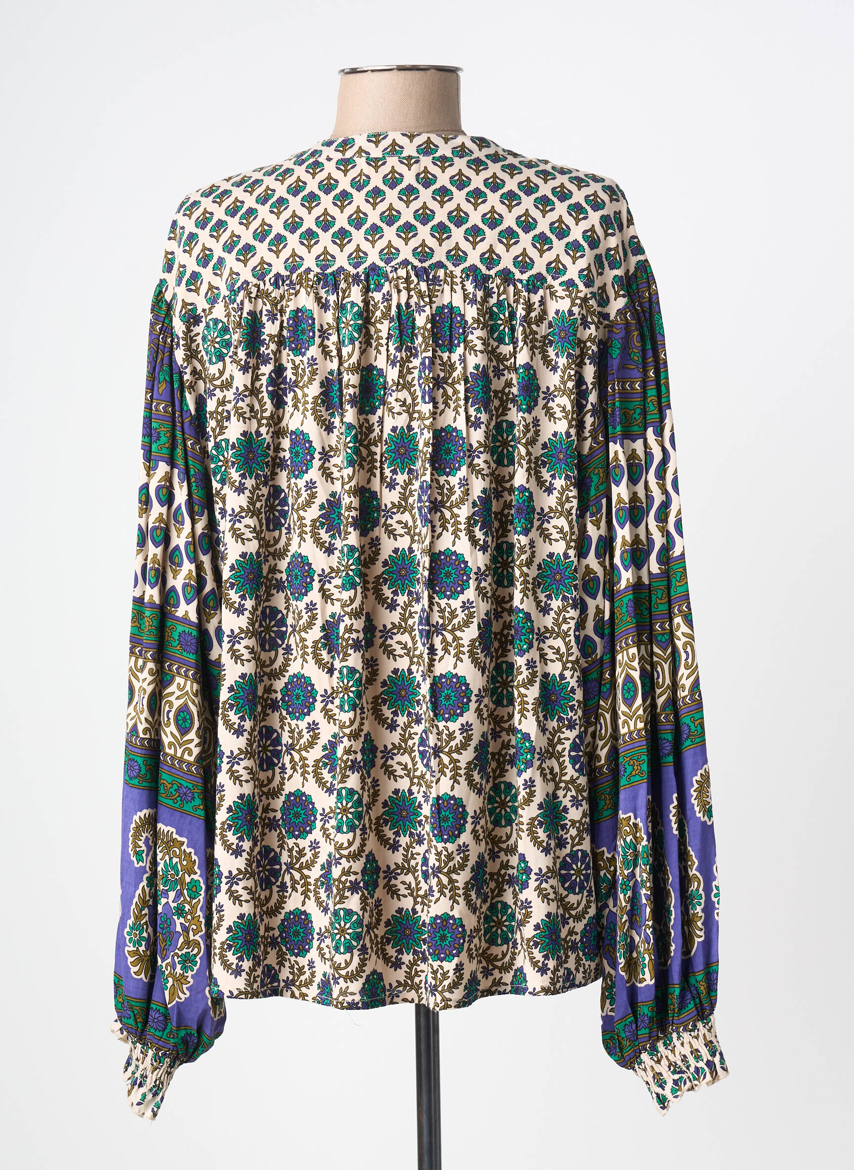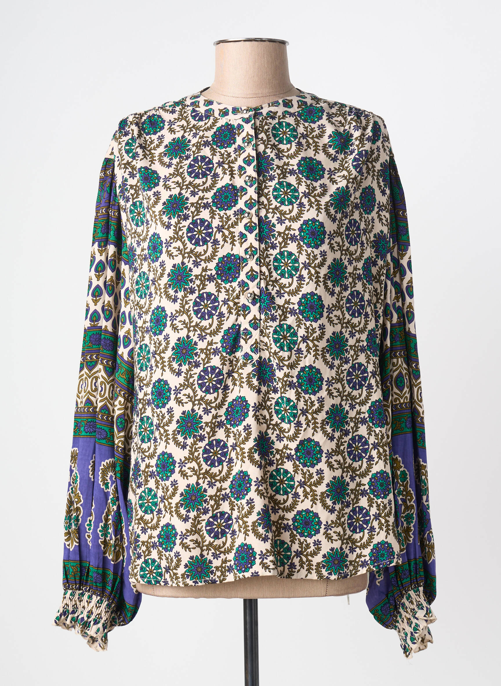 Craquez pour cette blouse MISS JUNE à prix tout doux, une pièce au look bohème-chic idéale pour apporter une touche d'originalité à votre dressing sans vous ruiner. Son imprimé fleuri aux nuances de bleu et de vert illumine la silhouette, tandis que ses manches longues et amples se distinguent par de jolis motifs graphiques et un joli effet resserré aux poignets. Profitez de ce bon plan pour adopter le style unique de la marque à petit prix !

* * *

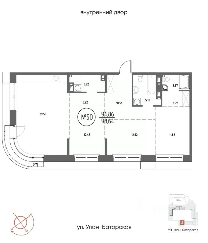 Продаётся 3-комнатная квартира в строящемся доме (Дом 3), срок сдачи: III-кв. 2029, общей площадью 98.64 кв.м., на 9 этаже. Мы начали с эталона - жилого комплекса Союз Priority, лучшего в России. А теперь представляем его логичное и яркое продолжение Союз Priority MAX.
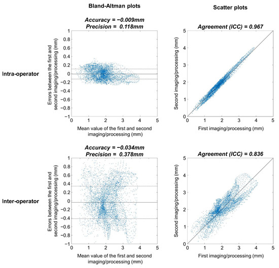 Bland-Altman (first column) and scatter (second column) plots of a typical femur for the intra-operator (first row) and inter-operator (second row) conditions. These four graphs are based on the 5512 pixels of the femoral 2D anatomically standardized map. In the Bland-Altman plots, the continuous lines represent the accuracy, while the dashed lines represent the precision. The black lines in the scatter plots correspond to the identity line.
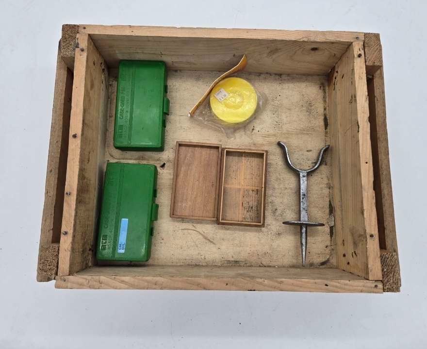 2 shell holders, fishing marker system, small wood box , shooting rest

■ **Task item**
Repeat exactly, and only, the entries from the line with "Продаётся 3-комнатная квартира" through the line with "2 shell holders, fishing". Pictures are skipped.

■ **Solution to this task**
 Продаётся 3-комнатная квартира в строящемся доме (Дом 3), срок сдачи: III-кв. 2029, общей площадью 98.64 кв.м., на 9 этаже. Мы начали с эталона - жилого комплекса Союз Priority, лучшего в России. А теперь представляем его логичное и яркое продолжение Союз Priority MAX.
 Bland-Altman (first column) and scatter (second column) plots of a typical femur for the intra-operator (first row) and inter-operator (second row) conditions. These four graphs are based on the 5512 pixels of the femoral 2D anatomically standardized map. In the Bland-Altman plots, the continuous lines represent the accuracy, while the dashed lines represent the precision. The black lines in the scatter plots correspond to the identity line.
 2 shell holders, fishing marker system, small wood box , shooting rest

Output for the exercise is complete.